(Available data):
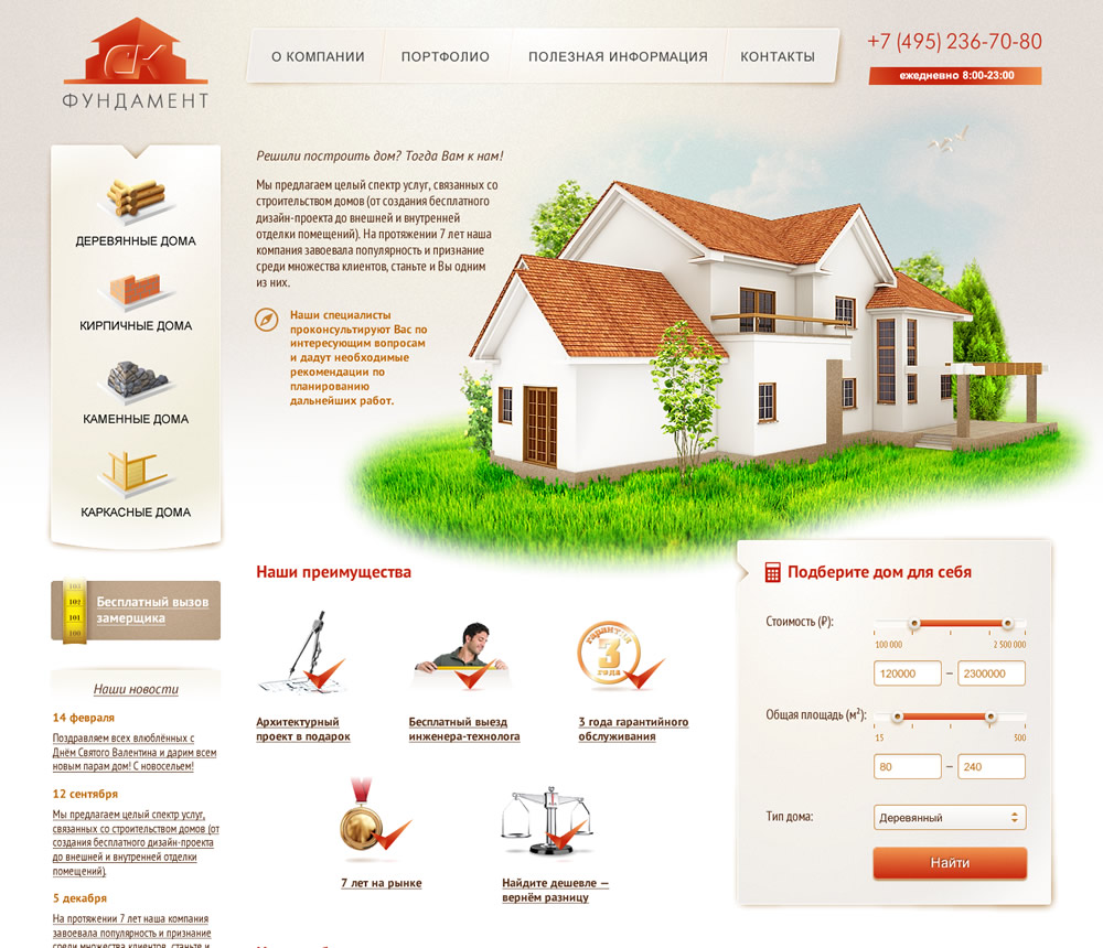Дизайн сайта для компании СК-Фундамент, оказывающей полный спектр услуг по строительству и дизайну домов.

* * *

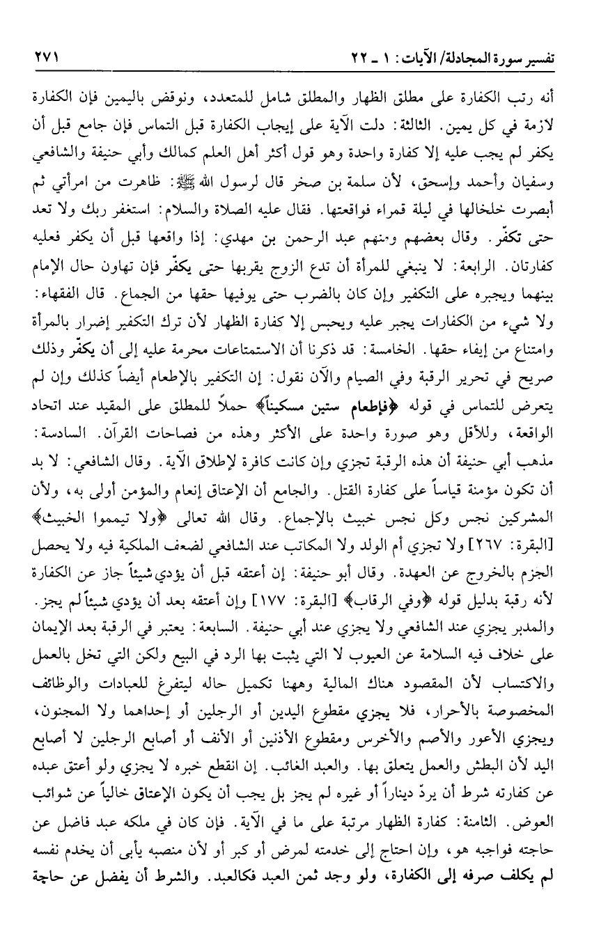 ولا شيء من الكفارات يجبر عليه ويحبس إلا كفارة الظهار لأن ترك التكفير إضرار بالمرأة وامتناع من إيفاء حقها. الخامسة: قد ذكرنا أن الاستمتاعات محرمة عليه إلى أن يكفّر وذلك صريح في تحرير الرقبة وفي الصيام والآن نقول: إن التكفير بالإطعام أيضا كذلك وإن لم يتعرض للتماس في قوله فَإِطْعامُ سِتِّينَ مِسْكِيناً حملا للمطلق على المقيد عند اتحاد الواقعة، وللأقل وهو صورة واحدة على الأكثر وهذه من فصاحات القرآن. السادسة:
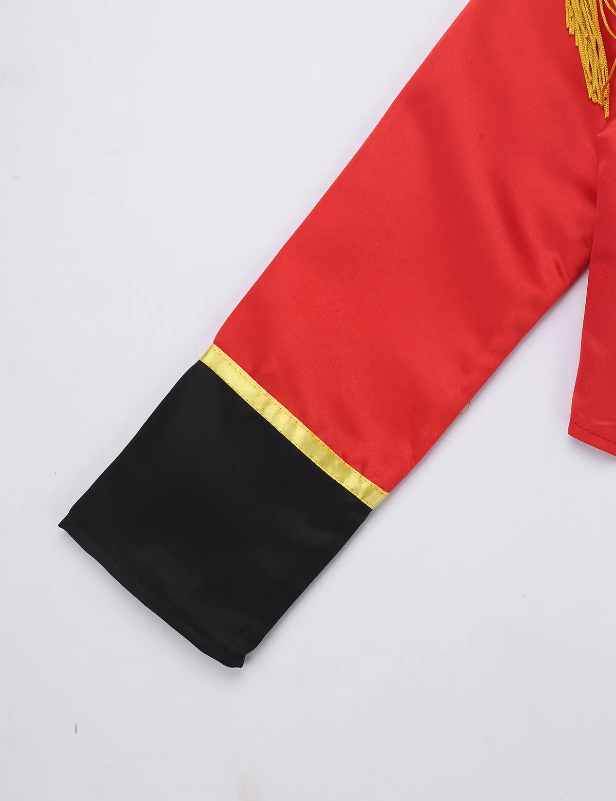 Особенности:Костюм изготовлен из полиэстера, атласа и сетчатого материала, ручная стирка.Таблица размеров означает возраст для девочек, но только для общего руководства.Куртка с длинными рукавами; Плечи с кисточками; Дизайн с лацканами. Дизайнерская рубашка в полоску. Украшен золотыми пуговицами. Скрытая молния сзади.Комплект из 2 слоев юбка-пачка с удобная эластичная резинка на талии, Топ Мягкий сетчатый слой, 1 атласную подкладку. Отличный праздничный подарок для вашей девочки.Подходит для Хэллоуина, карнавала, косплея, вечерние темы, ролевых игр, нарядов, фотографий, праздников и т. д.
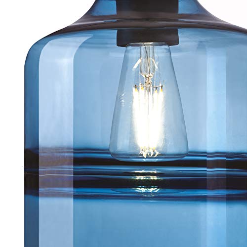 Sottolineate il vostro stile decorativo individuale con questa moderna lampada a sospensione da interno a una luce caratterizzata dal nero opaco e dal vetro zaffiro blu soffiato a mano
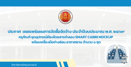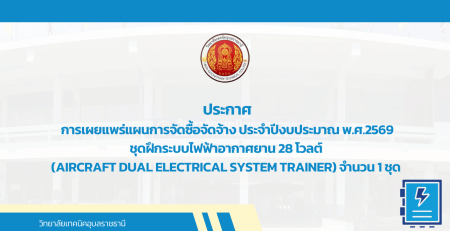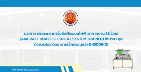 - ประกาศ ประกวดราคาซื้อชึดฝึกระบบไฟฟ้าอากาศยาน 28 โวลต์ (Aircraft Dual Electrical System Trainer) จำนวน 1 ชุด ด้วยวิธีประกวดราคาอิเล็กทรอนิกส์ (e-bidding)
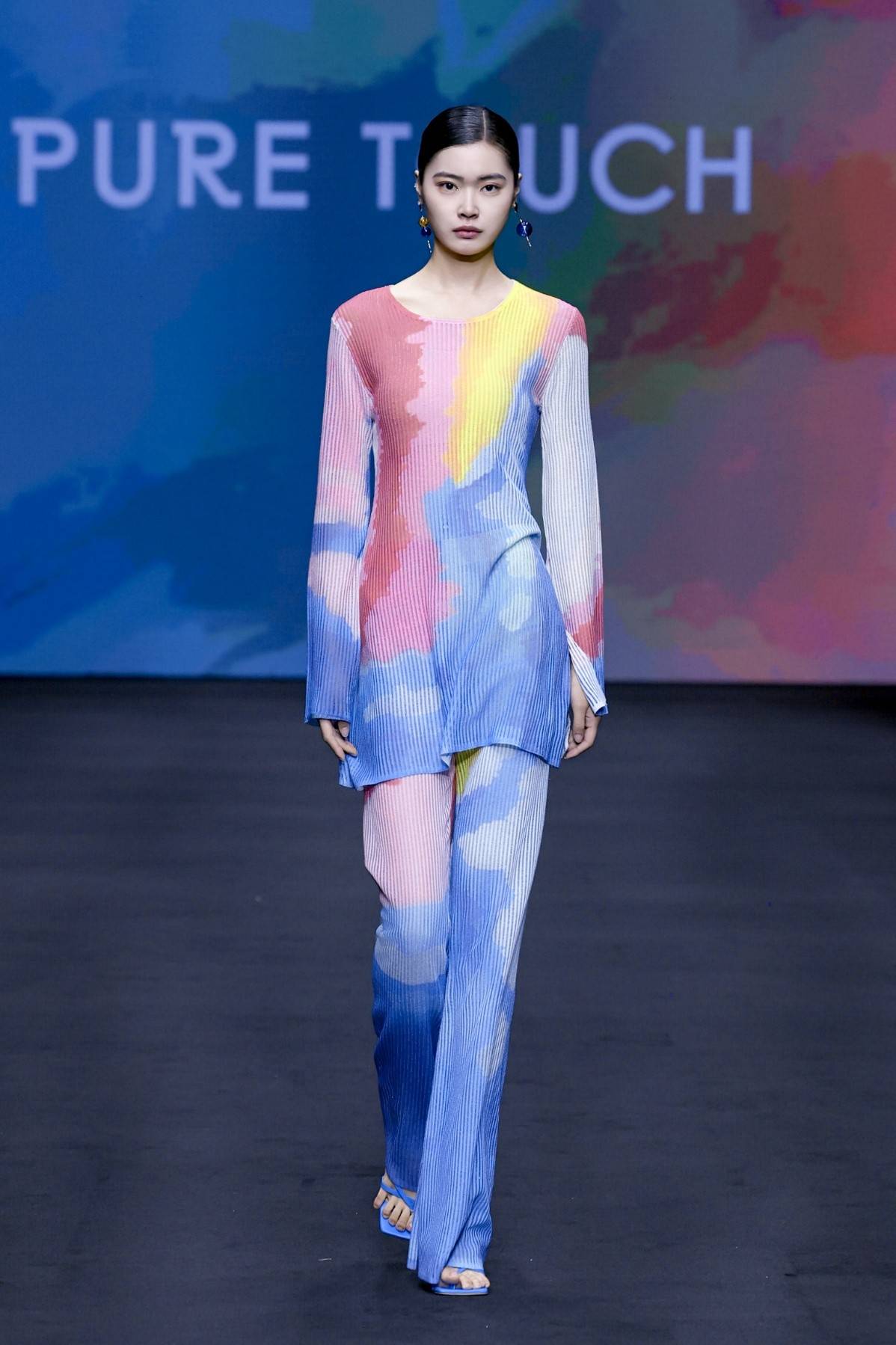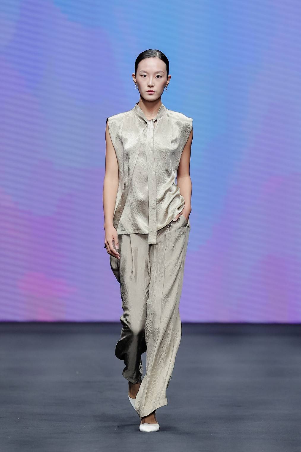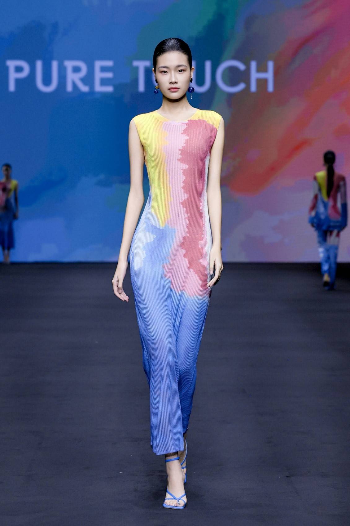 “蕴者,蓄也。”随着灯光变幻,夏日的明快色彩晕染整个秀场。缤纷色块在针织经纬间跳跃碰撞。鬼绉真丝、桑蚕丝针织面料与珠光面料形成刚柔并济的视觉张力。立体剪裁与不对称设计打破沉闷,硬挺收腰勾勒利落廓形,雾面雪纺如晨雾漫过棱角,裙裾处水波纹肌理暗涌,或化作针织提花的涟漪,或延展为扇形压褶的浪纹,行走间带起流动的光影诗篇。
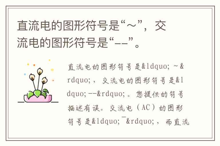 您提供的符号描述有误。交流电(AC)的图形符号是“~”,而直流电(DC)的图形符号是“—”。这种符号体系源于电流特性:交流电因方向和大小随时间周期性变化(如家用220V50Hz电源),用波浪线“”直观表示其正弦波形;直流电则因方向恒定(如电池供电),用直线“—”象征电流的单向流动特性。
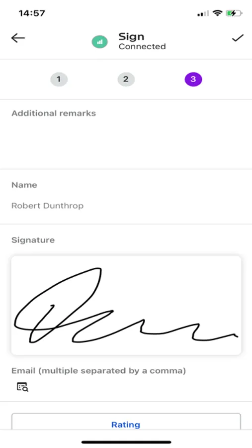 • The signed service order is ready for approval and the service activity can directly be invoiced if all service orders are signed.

(Task item):
The output is the stretch above from the line with "Особенности:Костюм изготовлен из" through the line with "Sottolineate il vostro", copied word for word with both ends kept and every picture dropped.

(The completed task):
 Особенности:Костюм изготовлен из полиэстера, атласа и сетчатого материала, ручная стирка.Таблица размеров означает возраст для девочек, но только для общего руководства.Куртка с длинными рукавами; Плечи с кисточками; Дизайн с лацканами. Дизайнерская рубашка в полоску. Украшен золотыми пуговицами. Скрытая молния сзади.Комплект из 2 слоев юбка-пачка с удобная эластичная резинка на талии, Топ Мягкий сетчатый слой, 1 атласную подкладку. Отличный праздничный подарок для вашей девочки.Подходит для Хэллоуина, карнавала, косплея, вечерние темы, ролевых игр, нарядов, фотографий, праздников и т. д.
 Sottolineate il vostro stile decorativo individuale con questa moderna lampada a sospensione da interno a una luce caratterizzata dal nero opaco e dal vetro zaffiro blu soffiato a mano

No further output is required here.